8 thoughts on “>The hungry gap? / Le trou affamé?

  1. >Early spring greens are, I think, when greens are at their most spectacular. The cold air prevents bitterness from setting in; winter concentrates nutritional content since greens can’t grow as fast or as big. At my nearby community garden, we overwintered a lot of Asian greens last year under small hoophouses. Their growth slowed down to nearly nothing, but the flavor is just spectacular- we’ve been harvesting for the last few weeks now. Our favorite is komatsuna; it’s a Japanese relative of the turnip, but you eat the leaves. Astonishingly, our brutal winter did it no harm. Komatsuna is our new favorite winter green.

  2. >HappyMouffetard: yes, I know we’re lucky, but I still can’t wait for summer vegetables!Ilex: komatsuna sounds wonderful – maybe I’ll try it next winter. We eat turnip leaves, too – in soups, especially.

  3. >We brought some purple srpouting brocolli seeds back from the uk to fill the hungry gap and it is loving all this sun and rain we have been having lately. I am giving away a couple of bouquets a day!Must try a few of your leaves they sound great.

  4. >I’ve just read your post about “stwnts”We called it “stwnch” and it was carrots and swede I never liked it as a child maybe I would now. Your carrots and parsnips sounds much nicer.

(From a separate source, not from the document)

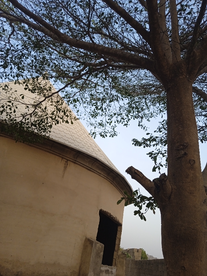 A rounded, light-colored building with a tiled, conical roof is partially visible. A large tree with a thick trunk and sparse leaves dominates the right side. A dark, empty window or opening is visible in the side of the building. A stone wall or structure is visible behind the building in the distance. The sky is light blue and partially obscured by the tree branches.

  5. >syrahsuzie: ‘stwnch’ is the same – but ‘stwnts’ is a more Welsh spelling. I don’t like it so much with swede either, but with parsnips it’s delicious! Sounds like you’re another Welsh exile!

  6. >That is a lovely harvest! I was just thinking this morning though, how fortunate I am not to have to depend entirely on my garden. Leaves are tasty and nutritious but not very filling. California grown asparagus is in now and I’ve been feasting on that.